Matching HS Codes in 2024: Traversing the Customs Space

HS (Harmonised System) Codes help classify customs authorities and businesses around the world to ensure appropriate import/export control. This system recursively classifies a product into finer granularity of categories.

Figure 1: A simple exercise of coding a RAM module.

Could we do this differently with the linguistic tools like LLMs in 2024? This blog examines different approaches towards classification.

Methodology of Classification

Assigning a HS Code is done hierarchically.

Starting off from Chapters, to Sections to further granularities. If we consider this as a search problem, the search domain keeps shrinking as we continue the “process of selection”. i.e., as soon as we classify a product to be an electrical component, we don’t need to keep Wines in the search space.

A graph could be a great solution to this problem!

Resources at our Disposal

We are focusing on classifying according to the definitions set by Singapore Customs.

Constructing a Graph

STCCED, as the name suggests, contains the hierarchical classification of traded goods. It is a PDF file, and the text is divided into Sections, Chapters and “Subchapters”.

Step 1: ⬇️ Download the STCCED 2022 PDF, use PyPDF2 to extract the text content.

Step 1: Raw text content of STCCED

Step 2: ✂️ Split the text content recursively, into Sections, Chapters and “Subchapters”.

Step 2: The recursively split STCCED!

Step 3: Convert all the subchapters into GraphViz dot files. (Compact representation of parent-child relationships). I used gpt-4 to read the sections and construct these subgraphs.

Super-interesting prompt that converted chapter text into GraphViz

Step 4: Merge the subgraphs hierarchically. The result, is a Graph of 13K+ Nodes, neatly organised!

Zooming into the STCCED 2022 Graph!

For each granularity level (Section, Chapter, Subchapter, Dash and Double Dash), I sent requests to gpt-4 directly with a list of the child nodes. Perhaps this illustration will be of assistance!

Illustration of traversing root -> Section -> Chapter…

Thus, progressive granularity would shrink the total search space down.

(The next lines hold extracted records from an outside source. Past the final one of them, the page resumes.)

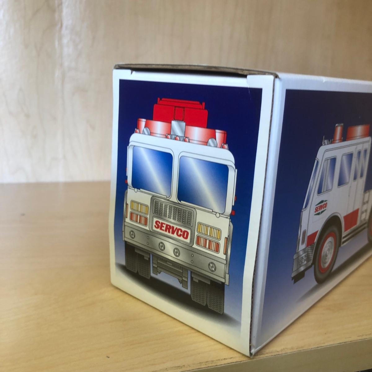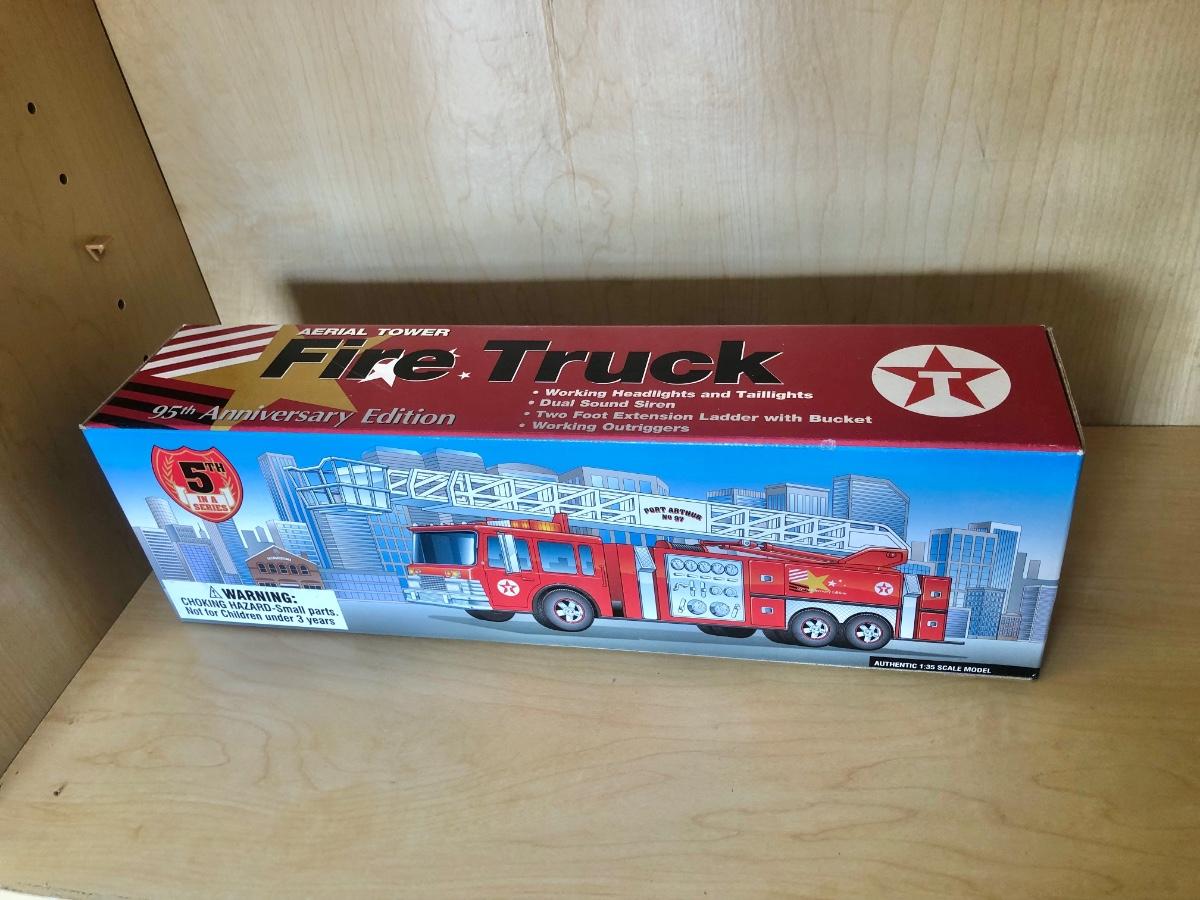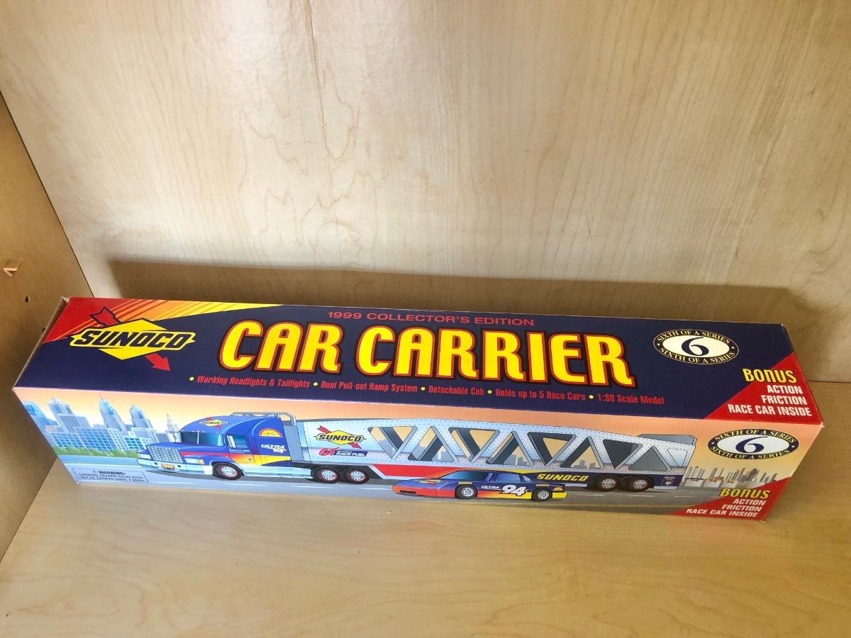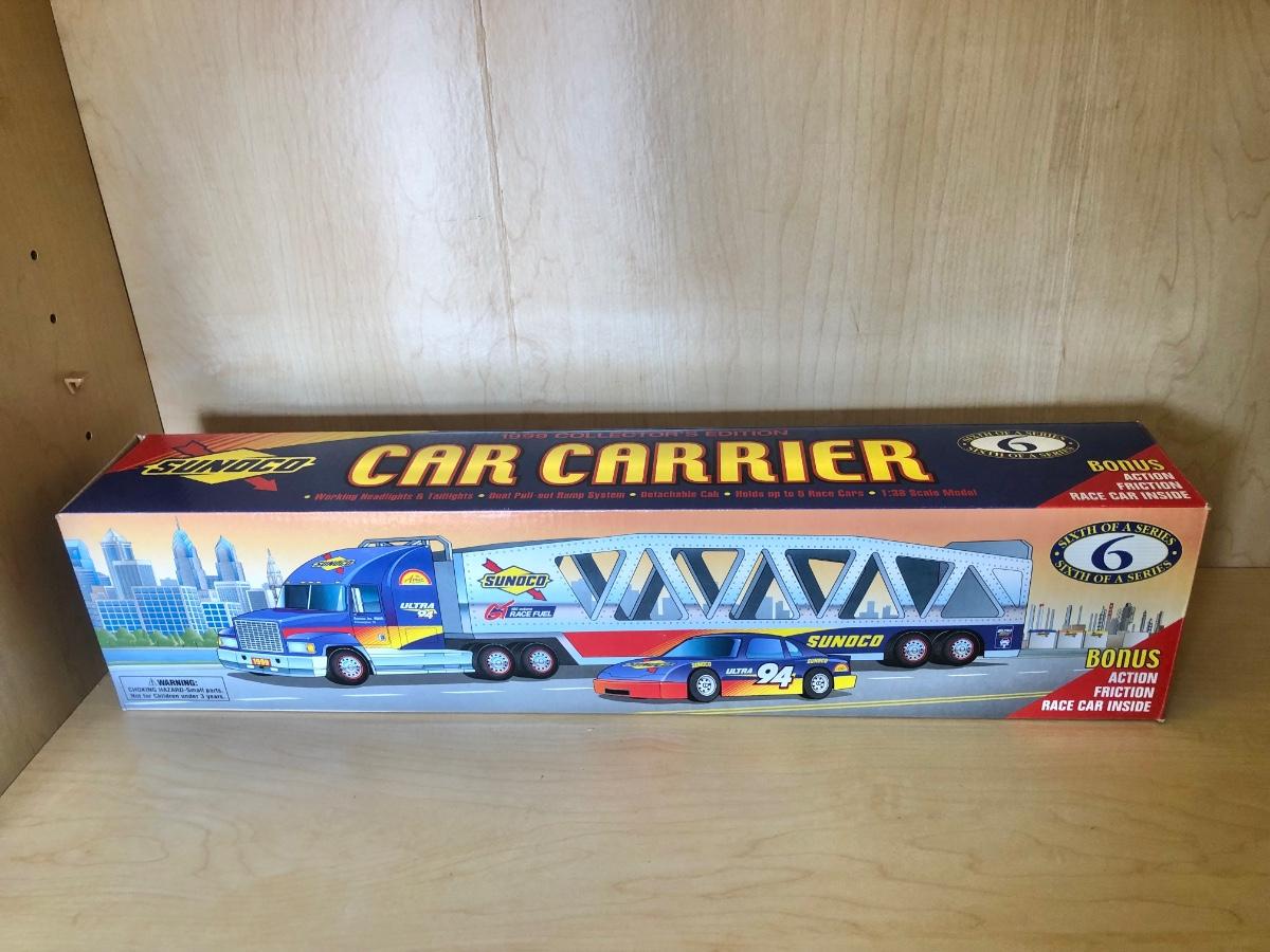 LOT 328: Collectible Toy Trucks - Pink Panther Owens Corning 1st in Series Transport Truck, Servco Fire Truck, Texaco Fire Truck, Sunoco Car Carrier & More
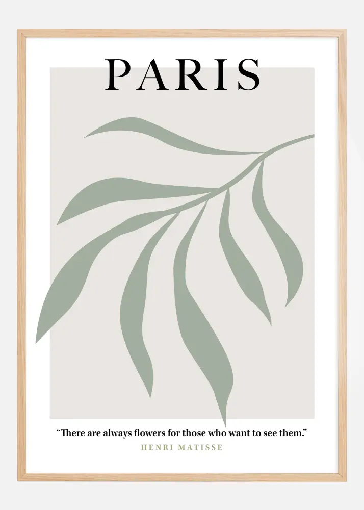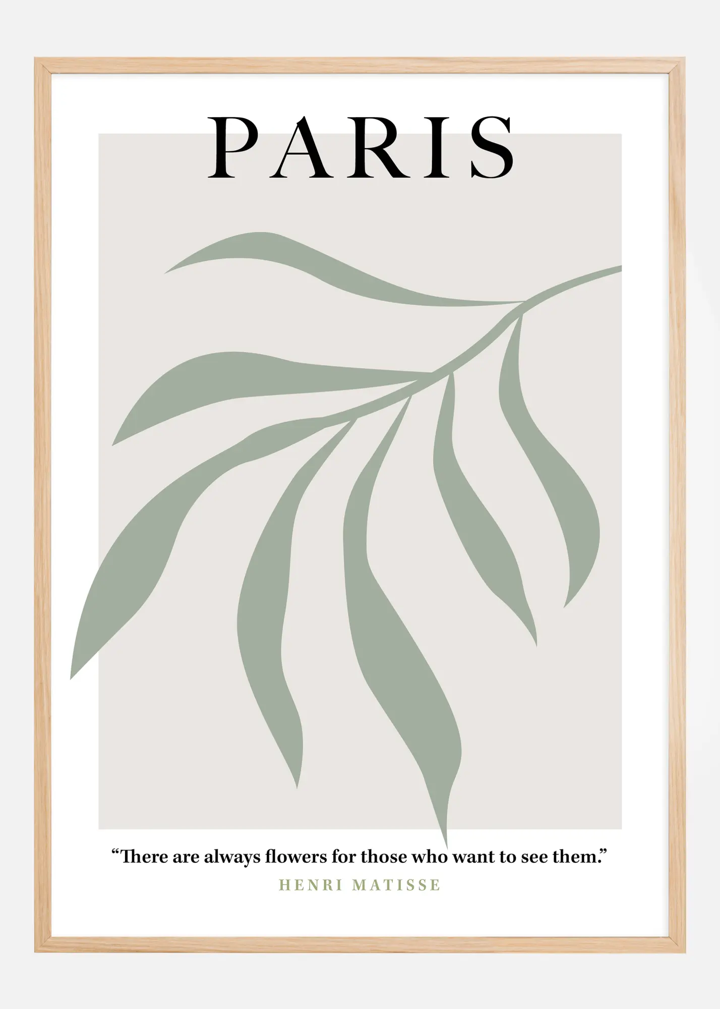 Este poster elegante e estiloso exibe a palavra "PARIS" em letras grandes, sobre um fundo de linhas verde suave que formam uma forma abstrata e orgânica, lembrando jardins tranquilos e frescos. Sua paleta discreta proporciona uma sensação de paz e elegância sutil, refletindo a reputação da cidade como um centro de beleza e cultura. É complementado por uma citação inspiradora de Henri Matisse, que confere à peça um senso de sabedoria artística: "There are always flowers for those who want to see them."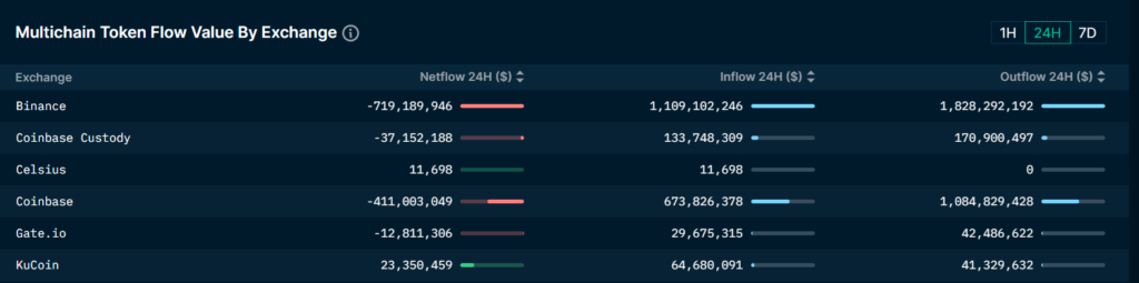 Nansen.aiのデータによると、バイナンスからの全プロトコルでの流出は、24時間で7億1900万ドル(約1002億6000万円)に達した。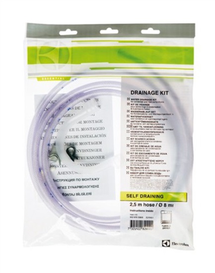 Sada pro odvod vody eliminuje nutnost manuálního vyprazdňování nádržky. Snadno ji připojíte k umyvadlu nebo vodovodnímu potrubí a voda se automaticky vypustí. Vhodné pouze pro modely s nádržkou na vodu v horní části sušičky.
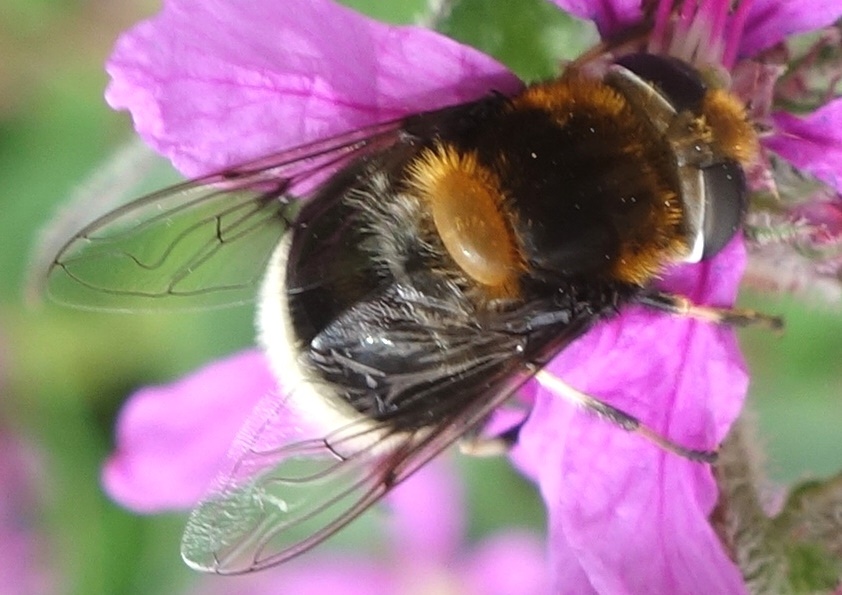 Udo: ‘Bij de zweefvliegen in Nieuwegein vliegen heel wat beestjes rond die sterk op een hommel lijken. Van dichtbij bijkt al snel dat het nephommels zijn en een zeldzame, ook de grootste, is in Nieuwegein de grote fophommel. Zoek de verschillen…‘
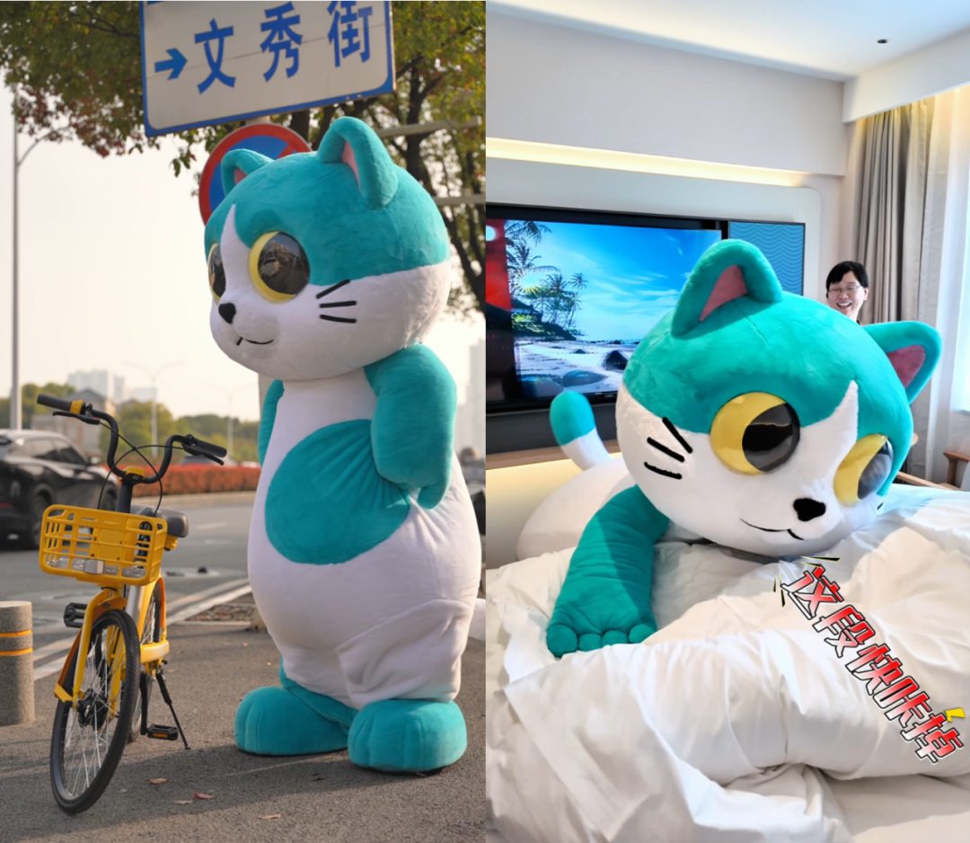 东呈集团于2023年推出中国酒店行业首个自主设计的超级动物IP“小青猫”,拥有ISTP人格设定,被赋予鲜明的活人感——巡游时想骑单车但腿短、帮铺床单却把自己卷进去、被电梯夹头后会“记仇”生气。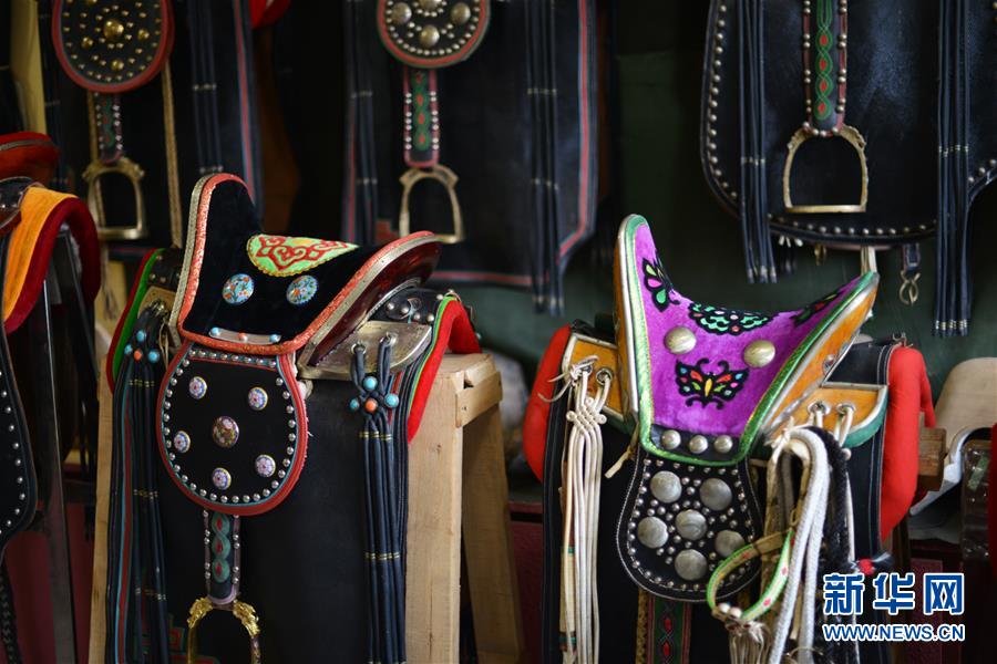 这是10月30日在内蒙古自治区通辽市科尔沁左翼后旗拍摄的套格敦白乙制作的马鞍。新华社记者邹予摄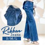 バックリボンデニムパンツ 通販 バックリボン デニム ジーンズ ジーパン ロングパンツ 美脚 パンツ 長ズボン ボトムス 春 夏 秋 冬 バックリボンデニムパンツ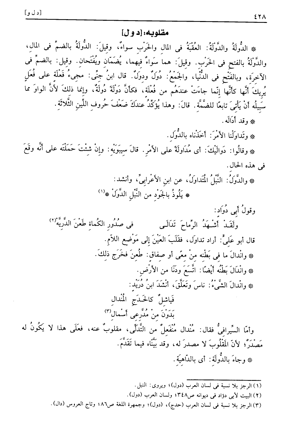 : [د ول] الدًُّولَةُ والدَّوْلَةُ: العُقْبَةُ في المالِ والحَرْبِ سواءٌ، وقِيلَ: الدُّولَةُ بالضمِّ في المالِ، والدًّوْلَةُ بالفتحِ في الحَرْبِ. وقِيلَ: هما سَواءٌ فِيهما، يَضَمّان ويُفْتَحانِ. وقِيلَ: بالضِّمِّ في الآخِرةَ، وبالفَتْحِ في الدُّنْيا، والجَمْعُ: دُوَلٌ ودوَلٌ. قال ابنُ جِنِّى: مجىءُ فَعْلَةٍ على فُعَلِ يُرِيكَ أَنَّها كأَنَّها إِنّما جاءَتْ عندَهُم من فُعْلَةٍ، فكأَنَّ دَوْلَةً دُوَلَةٌ، وإِنما ذلكَ لأَنَّ الواوَ مما سَبِيلُه أَنْ يَأْتِىَ تابعاً للضًّمَّةِ. قالَ: وهذا يُؤكِّدَ عندَكَ ضَعْفَ حُروفِ اللِّينِ الثَّلاثَةِ. وقد أَدَالَه. وتَداوَلْنا الأَمْرَ: أَخَدْناه بالدُّوَلِ. وقالُوا: دَوالَيْكَ: أي مُدَاولَةً على الأَمْرِ. قالَ سَيِبَويْهَْ: وإِنْ شِئْتَ حَمَلْتَه على أَنَّه وقَعَ في هذه الحالِ. والدَّوَلُ: النَّبْلُ المُتَداوَلُ: عن ابنِ الأَعْرابِىِّ، وأنشد: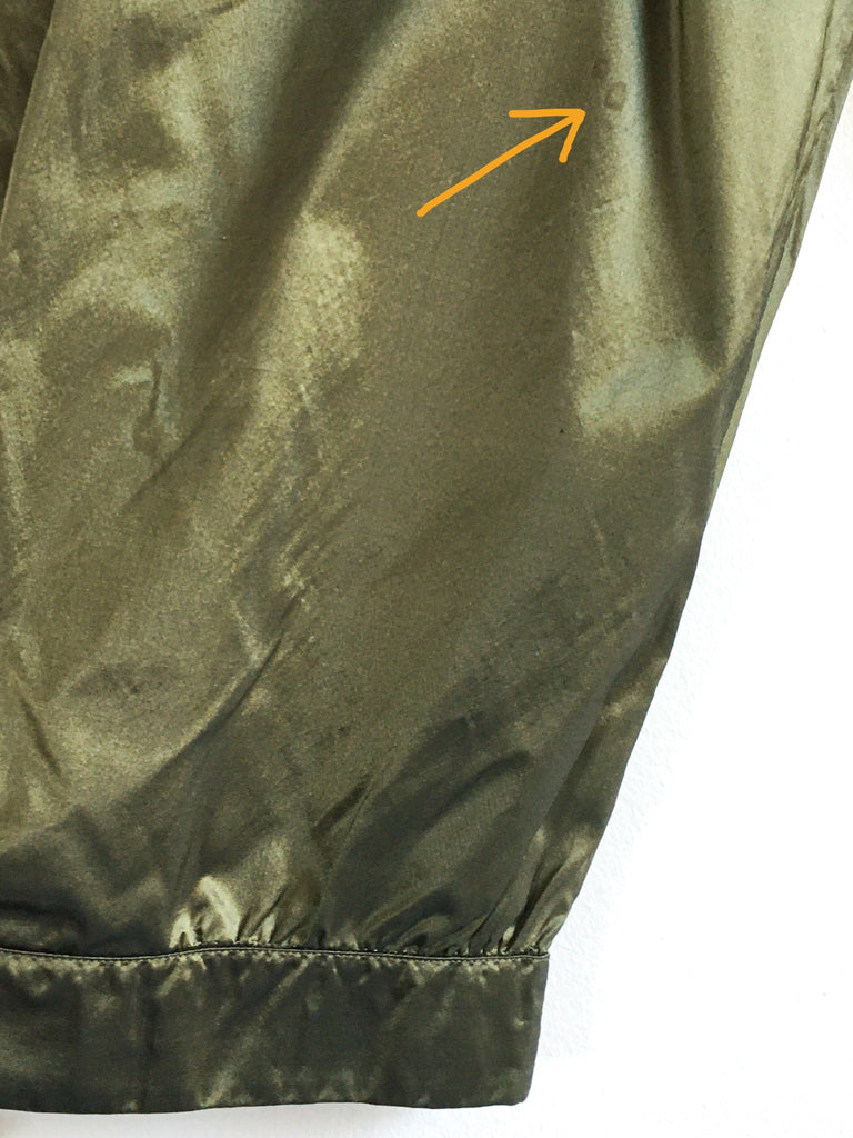Condition: Very good. Very small water(?) marks on lower pant leg (see photo).

Giving it some LLM and Streamlit

For the first build, I used openai directly and got streamlit to create the user-interface.

Try it now on Streamlit:

Demo: 🌏 https://harmony-ai.streamlit.app/
GitHub: 🔗 https://github.com/aniruddha-adhikary/harmony

Limitations and Future Work

  1. The current implementation does not go backwards to course-correct. Thus it continues on with a bad classification in a higher granularity.

  2. More tokens may be saved by combining vector search along-side graphs for nodes with larger number of children.